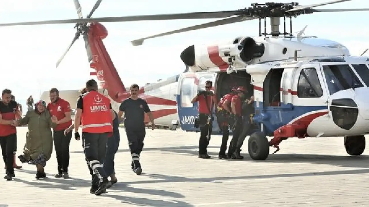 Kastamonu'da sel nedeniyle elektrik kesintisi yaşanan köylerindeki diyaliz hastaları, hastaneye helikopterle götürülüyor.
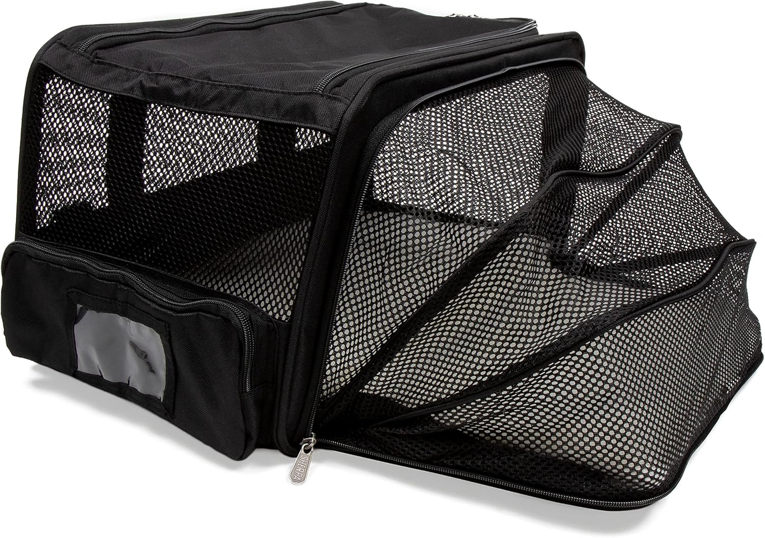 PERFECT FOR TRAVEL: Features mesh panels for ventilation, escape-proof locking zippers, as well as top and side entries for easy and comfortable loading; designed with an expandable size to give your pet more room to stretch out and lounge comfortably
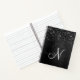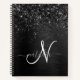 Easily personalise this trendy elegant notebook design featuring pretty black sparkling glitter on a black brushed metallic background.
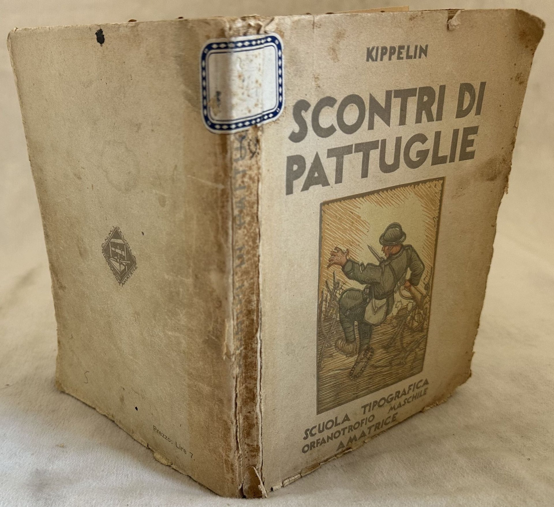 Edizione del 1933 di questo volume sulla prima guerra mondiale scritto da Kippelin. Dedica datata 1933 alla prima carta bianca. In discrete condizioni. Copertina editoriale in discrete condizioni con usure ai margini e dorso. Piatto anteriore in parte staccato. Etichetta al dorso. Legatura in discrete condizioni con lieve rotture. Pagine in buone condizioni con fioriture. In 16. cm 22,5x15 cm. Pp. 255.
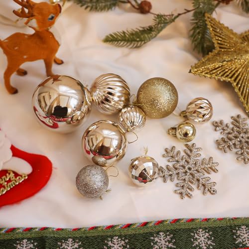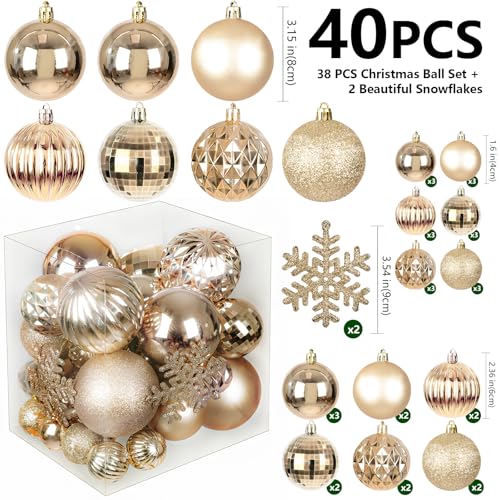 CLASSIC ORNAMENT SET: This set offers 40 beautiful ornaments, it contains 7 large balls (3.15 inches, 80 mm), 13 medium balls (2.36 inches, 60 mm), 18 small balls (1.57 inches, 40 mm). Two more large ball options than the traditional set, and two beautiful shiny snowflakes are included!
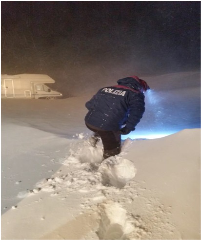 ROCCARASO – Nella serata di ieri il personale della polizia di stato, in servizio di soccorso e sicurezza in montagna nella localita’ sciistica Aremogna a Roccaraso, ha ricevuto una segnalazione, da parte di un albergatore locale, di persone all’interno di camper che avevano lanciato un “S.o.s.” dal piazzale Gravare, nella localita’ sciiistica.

• _About this task_
Give back the material above exactly as it appears, minus any picture.

• _Answer space_
 Kastamonu'da sel nedeniyle elektrik kesintisi yaşanan köylerindeki diyaliz hastaları, hastaneye helikopterle götürülüyor.
 PERFECT FOR TRAVEL: Features mesh panels for ventilation, escape-proof locking zippers, as well as top and side entries for easy and comfortable loading; designed with an expandable size to give your pet more room to stretch out and lounge comfortably
 Easily personalise this trendy elegant notebook design featuring pretty black sparkling glitter on a black brushed metallic background.
 Edizione del 1933 di questo volume sulla prima guerra mondiale scritto da Kippelin. Dedica datata 1933 alla prima carta bianca. In discrete condizioni. Copertina editoriale in discrete condizioni con usure ai margini e dorso. Piatto anteriore in parte staccato. Etichetta al dorso. Legatura in discrete condizioni con lieve rotture. Pagine in buone condizioni con fioriture. In 16. cm 22,5x15 cm. Pp. 255.
 CLASSIC ORNAMENT SET: This set offers 40 beautiful ornaments, it contains 7 large balls (3.15 inches, 80 mm), 13 medium balls (2.36 inches, 60 mm), 18 small balls (1.57 inches, 40 mm). Two more large ball options than the traditional set, and two beautiful shiny snowflakes are included!
 ROCCARASO – Nella serata di ieri il personale della polizia di stato, in servizio di soccorso e sicurezza in montagna nella localita’ sciistica Aremogna a Roccaraso, ha ricevuto una segnalazione, da parte di un albergatore locale, di persone all’interno di camper che avevano lanciato un “S.o.s.” dal piazzale Gravare, nella localita’ sciiistica.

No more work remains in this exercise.